The reading itself consisted of four passages from the book: a piece of the introduction, the introduction to Garreth and the junebugs, an introduction to Hannah (go back and read that scene in the grocery store if you need some foreshadowing), and the passage where the Bluebloods are throwing around theories about what Hannah is really up to (which is also an interesting section when you know how the book will turn out).
After the reading, Pessl took only three questions from the audience, preferring that we ask any additional questions in person while getting our books signed. Pessl was asked if she has a new book on the horizon. She does. It will be in a similar style, but involve “a different world.” That’s about all that she would say publicly about that. She was also asked about the references spread throughout the book. Pessl affirmed the questioners observation that many of the references were fake, and she noted that she had a lot of fun crafting the fake references to seem plausible and witty. She said that she thought that it would have been very dry to have Blue only cite “real” references. So one of my pet theories died an unceremonious death.

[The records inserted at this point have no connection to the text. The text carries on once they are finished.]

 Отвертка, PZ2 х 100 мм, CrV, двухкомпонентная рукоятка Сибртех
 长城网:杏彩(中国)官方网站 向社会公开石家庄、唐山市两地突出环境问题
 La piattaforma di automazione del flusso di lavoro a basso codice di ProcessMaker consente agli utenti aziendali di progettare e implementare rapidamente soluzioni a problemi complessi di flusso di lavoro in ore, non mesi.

Pessl also pointed out that a reason for the references was a reflection that Blue had been raised in a world of books. They were her only friends as she and her father moved endlessly around the country. Books are Blue’s comfort zone. The references are more frequent at the beginning of the book as Blue hides behind their protective cover. The references become less frequent as the book moves on – decreasing steadily as Blue becomes more sure of herself and more confident in telling her story.

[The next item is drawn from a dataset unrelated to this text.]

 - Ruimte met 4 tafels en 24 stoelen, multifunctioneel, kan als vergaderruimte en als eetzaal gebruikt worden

Meeting with the author afterwards was the high point of the reading. Ms. Pessl is very charming in person and quite clearly cares deeply about her book. She talked with us at length while signing our books. (Sorry if you were behind us!) I asked her about Blue’s reliability as a narrator, a question that I had raised in the Special Topics Round Table. We quickly learned that Pessl doesn’t want to give too much away, and she’s very much of the “every reader’s experience is the correct one for them” school. She will give you a straight answer, but she’ll make you work for it by making you tell her what you think happened.
I floated my theories (again – apologies if you were behind us): I’ve always thought that Blue was hiding something or that she had at least failed to make some of the connections in the book that the reader may pick up on, etc. The author visibly beamed at the idea that some things have gotten past Blue, and she told me that I was onto something there. She also told me that she thought that Blue was otherwise a fairly reliable narrator.
Mrs. Cayenne asked the author a fairly pointed question about what happens after the book, which I can’t reveal without providing a major spoiler. Pessl did mention that someone will make a cameo in her next book (which will be unrelated to this one) that may provide some “closure” on that score. We’ll have to wait and see.
We went out for dinner afterwards (Mrs. Cayenne and I) and had a nice conversation about the book and rehashed what we thought had gone on in the book. It was a nice evening all around.